*Stored data entries:*
__________
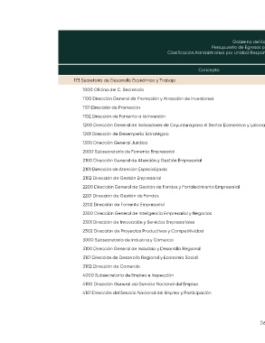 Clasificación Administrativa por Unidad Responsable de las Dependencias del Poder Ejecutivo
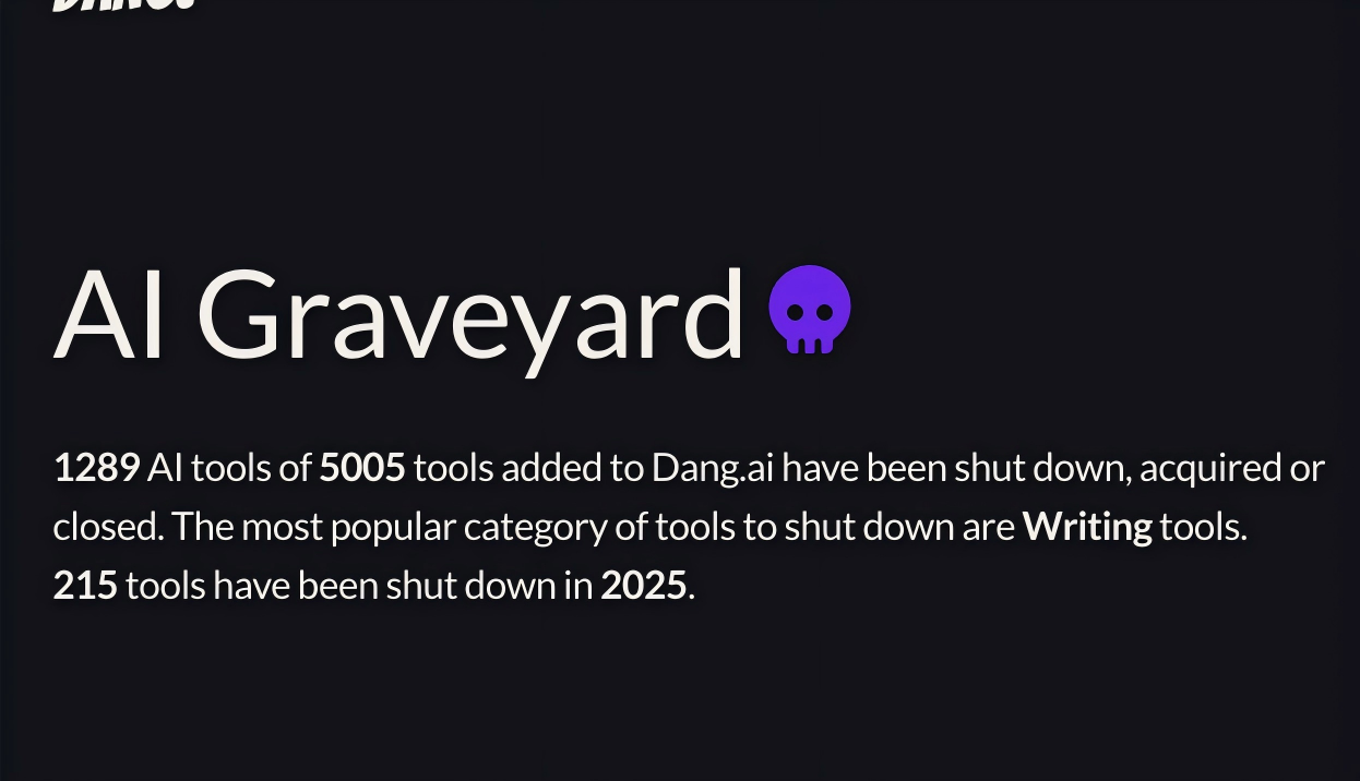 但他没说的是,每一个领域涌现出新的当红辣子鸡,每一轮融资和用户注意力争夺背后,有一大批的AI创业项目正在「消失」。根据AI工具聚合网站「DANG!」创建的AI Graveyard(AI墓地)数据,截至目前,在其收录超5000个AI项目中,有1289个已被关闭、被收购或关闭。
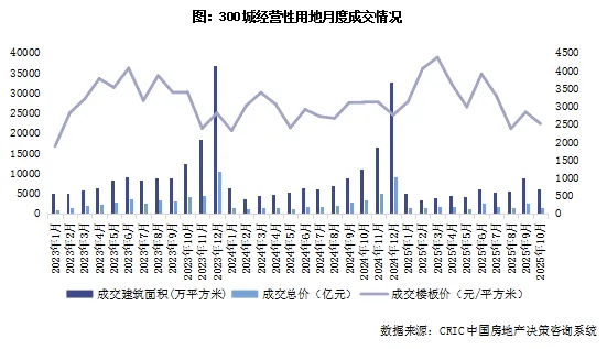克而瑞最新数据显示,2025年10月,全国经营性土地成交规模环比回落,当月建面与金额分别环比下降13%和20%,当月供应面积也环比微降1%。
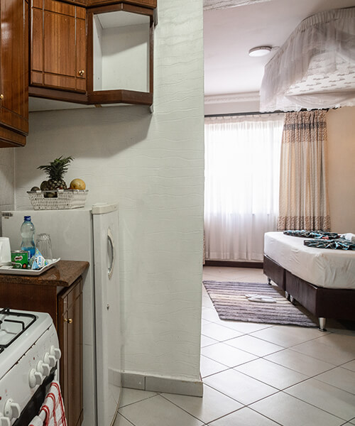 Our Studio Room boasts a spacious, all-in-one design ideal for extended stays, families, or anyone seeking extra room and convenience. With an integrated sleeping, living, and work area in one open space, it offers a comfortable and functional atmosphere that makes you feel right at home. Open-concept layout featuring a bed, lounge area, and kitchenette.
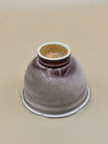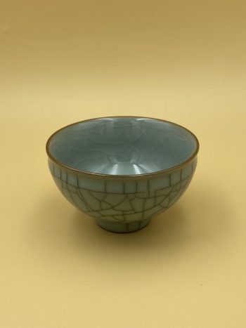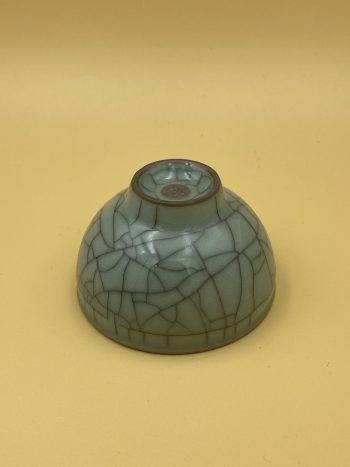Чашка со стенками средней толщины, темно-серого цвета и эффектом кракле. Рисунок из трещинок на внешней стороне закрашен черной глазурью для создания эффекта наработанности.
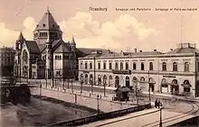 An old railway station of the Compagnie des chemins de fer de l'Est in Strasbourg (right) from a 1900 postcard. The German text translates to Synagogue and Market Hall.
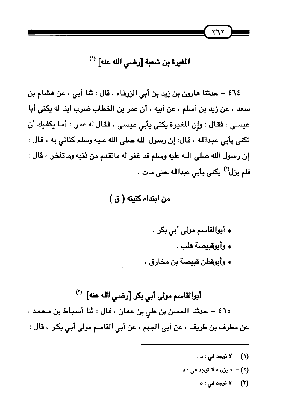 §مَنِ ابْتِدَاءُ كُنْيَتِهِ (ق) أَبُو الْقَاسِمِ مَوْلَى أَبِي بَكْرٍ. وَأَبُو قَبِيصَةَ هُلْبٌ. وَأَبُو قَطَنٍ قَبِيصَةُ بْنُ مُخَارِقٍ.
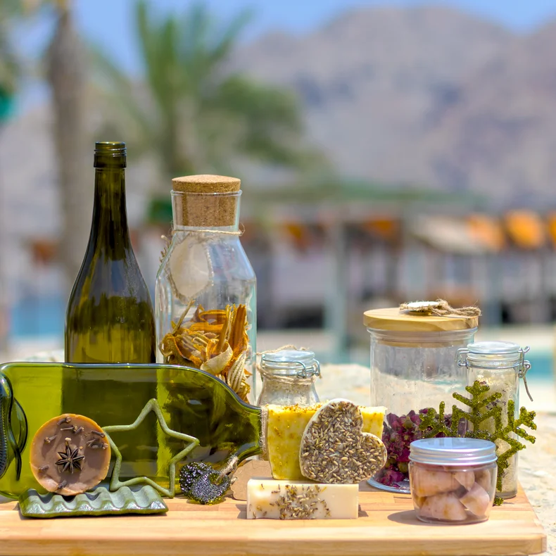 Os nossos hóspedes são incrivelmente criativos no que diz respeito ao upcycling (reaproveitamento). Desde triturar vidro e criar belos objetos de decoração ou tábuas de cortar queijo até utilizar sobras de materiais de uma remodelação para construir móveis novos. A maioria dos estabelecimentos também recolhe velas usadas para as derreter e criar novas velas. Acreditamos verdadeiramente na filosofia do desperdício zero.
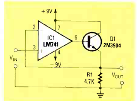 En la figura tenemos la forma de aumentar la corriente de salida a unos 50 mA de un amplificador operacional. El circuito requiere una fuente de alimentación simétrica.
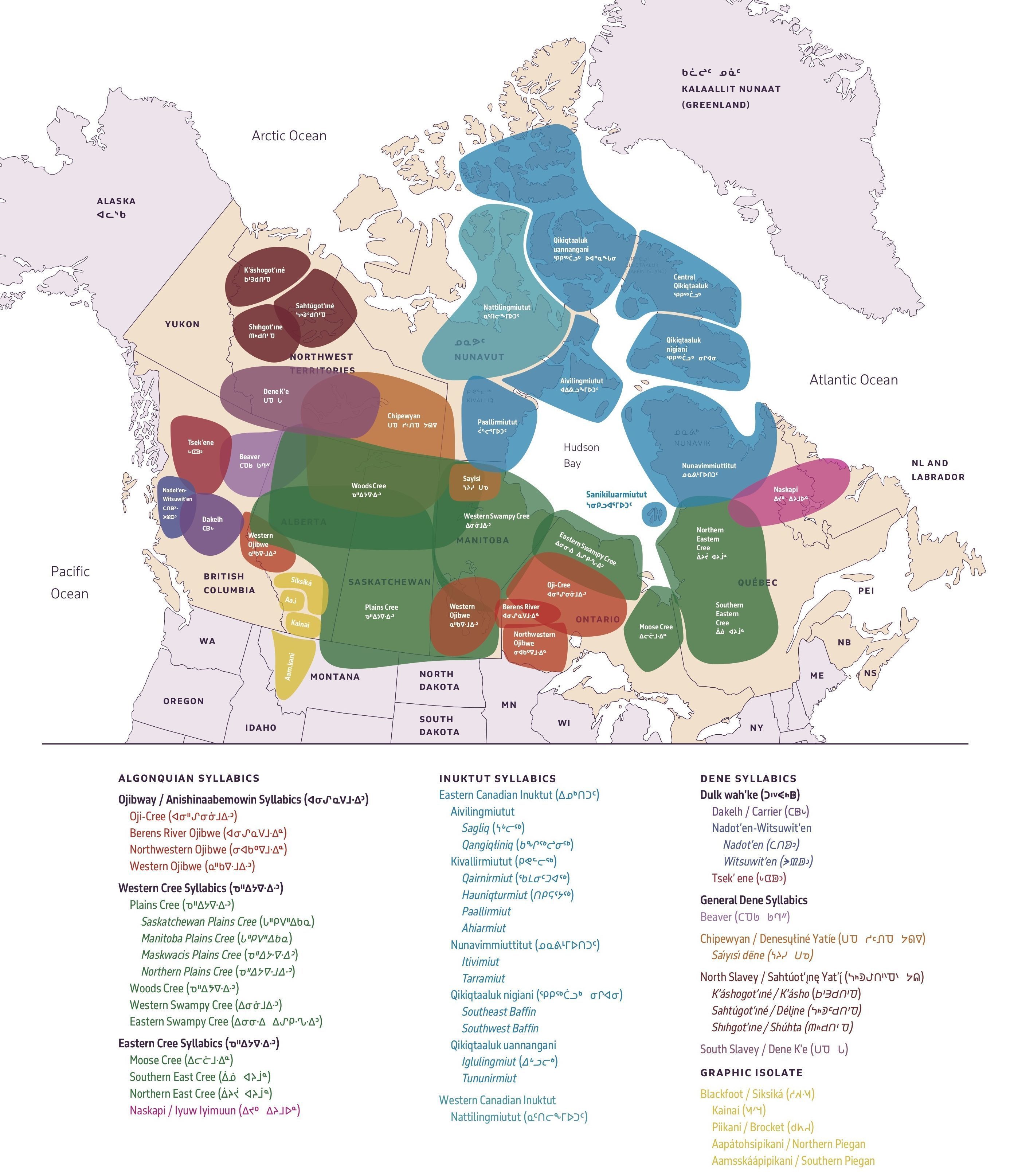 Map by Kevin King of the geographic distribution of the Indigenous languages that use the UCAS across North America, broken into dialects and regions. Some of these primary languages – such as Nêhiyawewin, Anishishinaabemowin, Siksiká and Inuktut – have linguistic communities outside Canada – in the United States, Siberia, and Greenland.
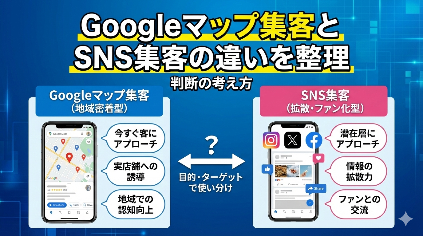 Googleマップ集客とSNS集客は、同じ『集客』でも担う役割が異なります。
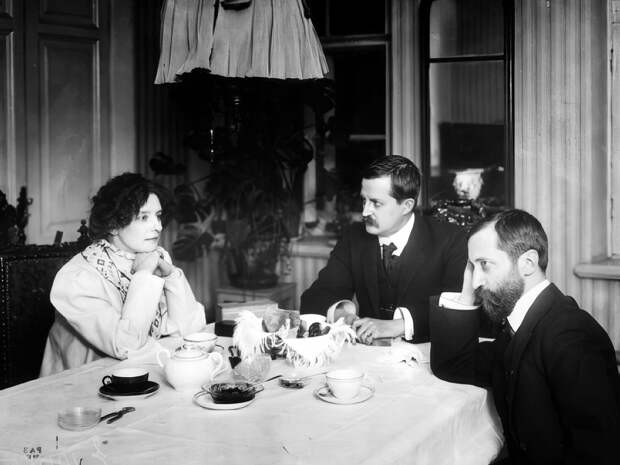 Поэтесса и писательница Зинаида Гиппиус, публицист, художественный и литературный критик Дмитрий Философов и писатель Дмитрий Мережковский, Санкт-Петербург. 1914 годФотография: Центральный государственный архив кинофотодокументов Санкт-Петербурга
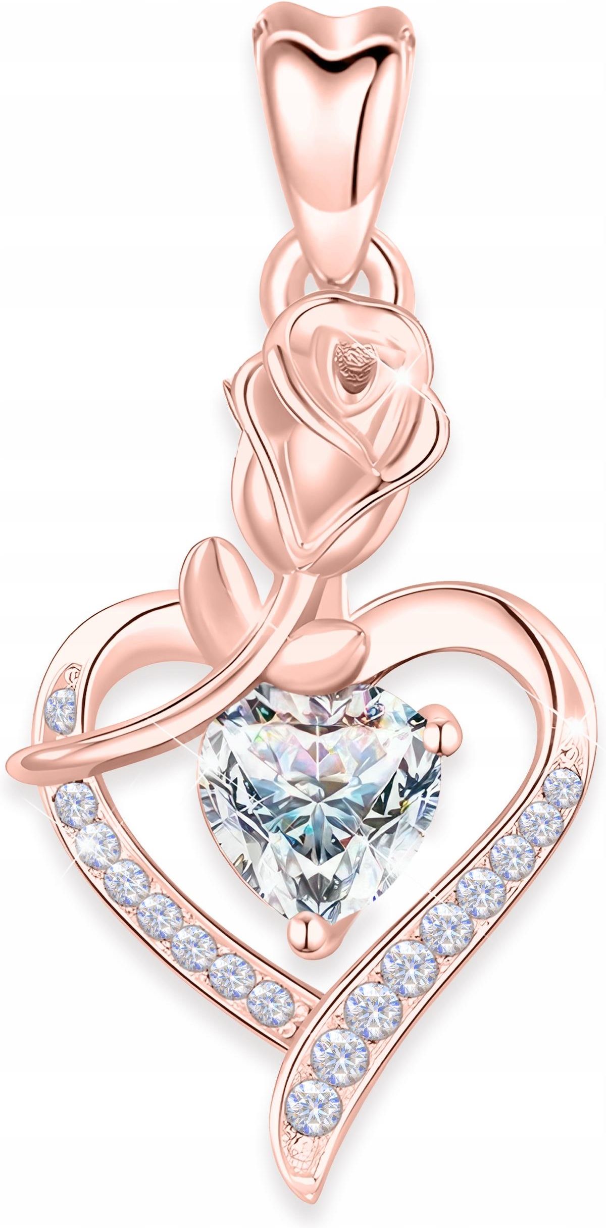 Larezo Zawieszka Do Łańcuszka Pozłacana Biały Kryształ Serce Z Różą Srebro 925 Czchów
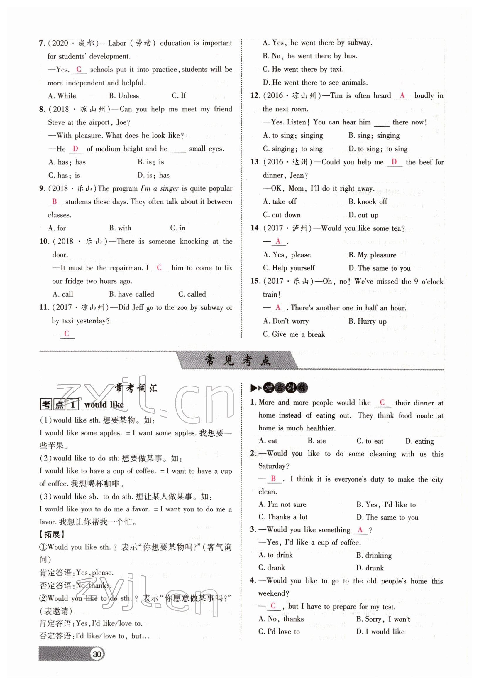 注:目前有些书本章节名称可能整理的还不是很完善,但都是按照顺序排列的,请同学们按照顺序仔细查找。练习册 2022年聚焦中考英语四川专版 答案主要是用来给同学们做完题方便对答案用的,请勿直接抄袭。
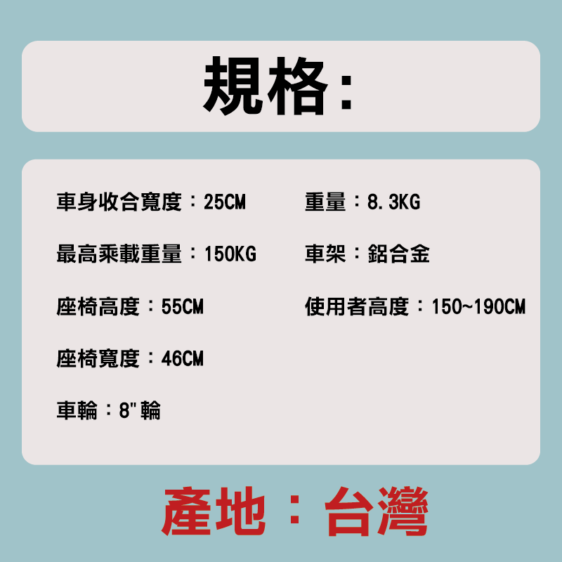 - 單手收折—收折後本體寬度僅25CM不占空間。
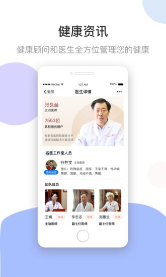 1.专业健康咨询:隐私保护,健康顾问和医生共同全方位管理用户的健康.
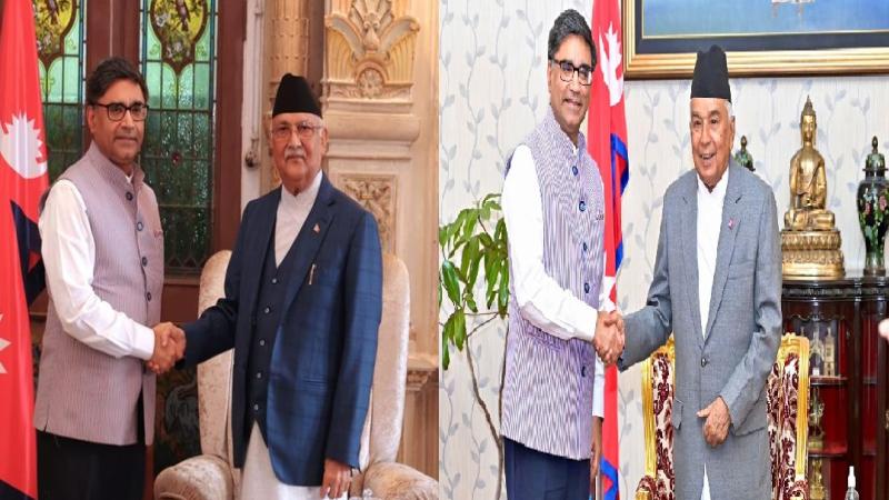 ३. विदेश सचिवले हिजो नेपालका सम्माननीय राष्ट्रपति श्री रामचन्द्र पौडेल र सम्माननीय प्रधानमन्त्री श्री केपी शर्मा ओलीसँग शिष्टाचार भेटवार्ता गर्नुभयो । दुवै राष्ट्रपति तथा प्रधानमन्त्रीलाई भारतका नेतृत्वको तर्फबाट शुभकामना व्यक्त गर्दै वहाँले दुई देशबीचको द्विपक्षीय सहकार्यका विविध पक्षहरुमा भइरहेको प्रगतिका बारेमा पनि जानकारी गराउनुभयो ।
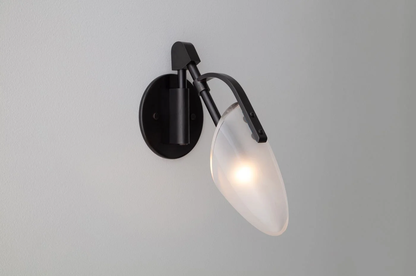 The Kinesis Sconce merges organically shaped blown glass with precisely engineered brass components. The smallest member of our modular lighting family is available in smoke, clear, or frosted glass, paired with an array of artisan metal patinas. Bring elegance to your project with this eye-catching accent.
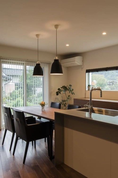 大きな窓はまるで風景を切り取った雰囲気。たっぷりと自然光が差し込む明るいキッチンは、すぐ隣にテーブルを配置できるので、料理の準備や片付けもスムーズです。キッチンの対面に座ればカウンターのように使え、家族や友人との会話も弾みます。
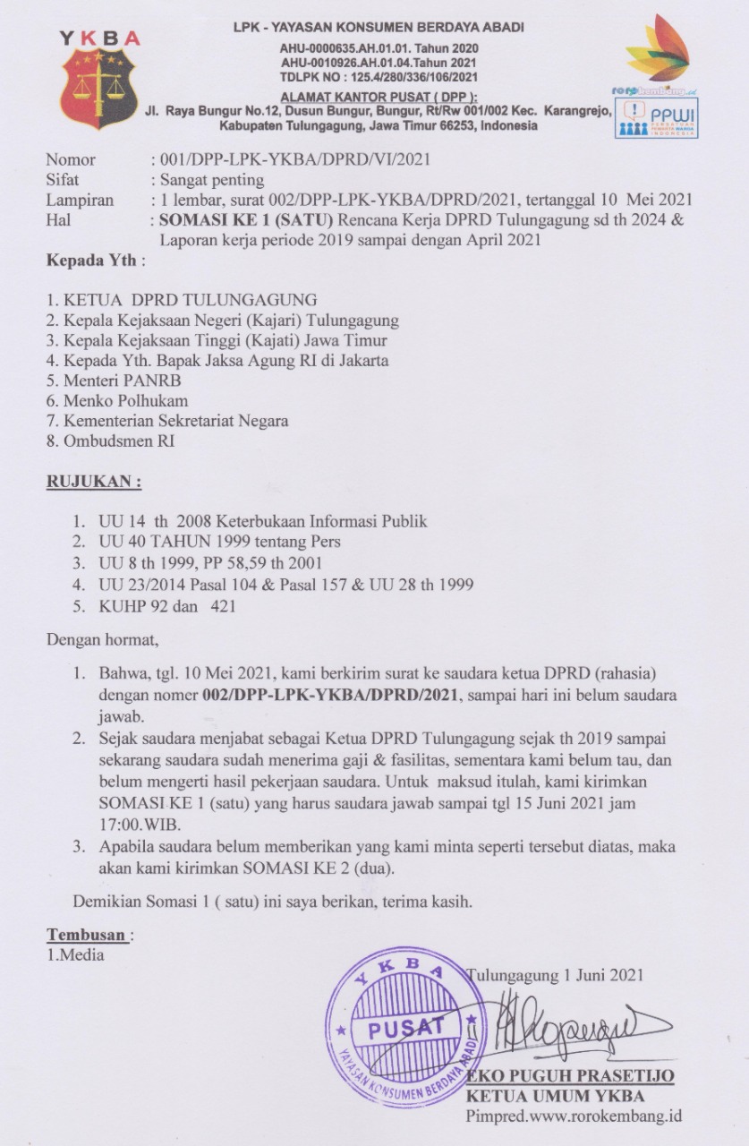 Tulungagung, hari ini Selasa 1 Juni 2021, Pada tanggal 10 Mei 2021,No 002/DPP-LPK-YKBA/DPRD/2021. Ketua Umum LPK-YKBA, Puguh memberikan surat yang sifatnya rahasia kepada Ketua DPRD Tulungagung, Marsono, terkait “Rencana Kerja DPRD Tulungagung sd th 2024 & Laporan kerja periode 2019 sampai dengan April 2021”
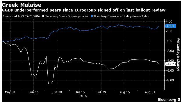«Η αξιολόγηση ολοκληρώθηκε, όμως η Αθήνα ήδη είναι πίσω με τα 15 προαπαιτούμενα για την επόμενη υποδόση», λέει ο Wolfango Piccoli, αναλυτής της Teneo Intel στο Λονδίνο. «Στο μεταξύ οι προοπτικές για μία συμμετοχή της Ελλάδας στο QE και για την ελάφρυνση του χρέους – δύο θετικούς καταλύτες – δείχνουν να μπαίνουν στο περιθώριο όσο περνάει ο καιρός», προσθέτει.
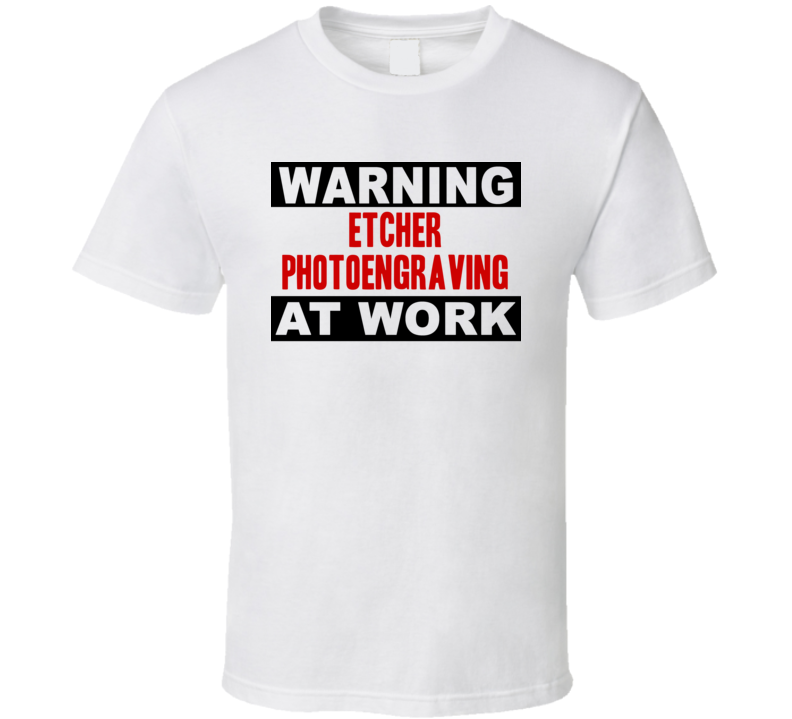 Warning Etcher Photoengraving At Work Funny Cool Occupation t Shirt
__________
*Directions:* Write out, word for word, the lines from the start of the data through the one holding "克而瑞最新数据显示,2025". Omit pictures.

*Result below:*
 Clasificación Administrativa por Unidad Responsable de las Dependencias del Poder Ejecutivo
 但他没说的是,每一个领域涌现出新的当红辣子鸡,每一轮融资和用户注意力争夺背后,有一大批的AI创业项目正在「消失」。根据AI工具聚合网站「DANG!」创建的AI Graveyard(AI墓地)数据,截至目前,在其收录超5000个AI项目中,有1289个已被关闭、被收购或关闭。
克而瑞最新数据显示,2025年10月,全国经营性土地成交规模环比回落,当月建面与金额分别环比下降13%和20%,当月供应面积也环比微降1%。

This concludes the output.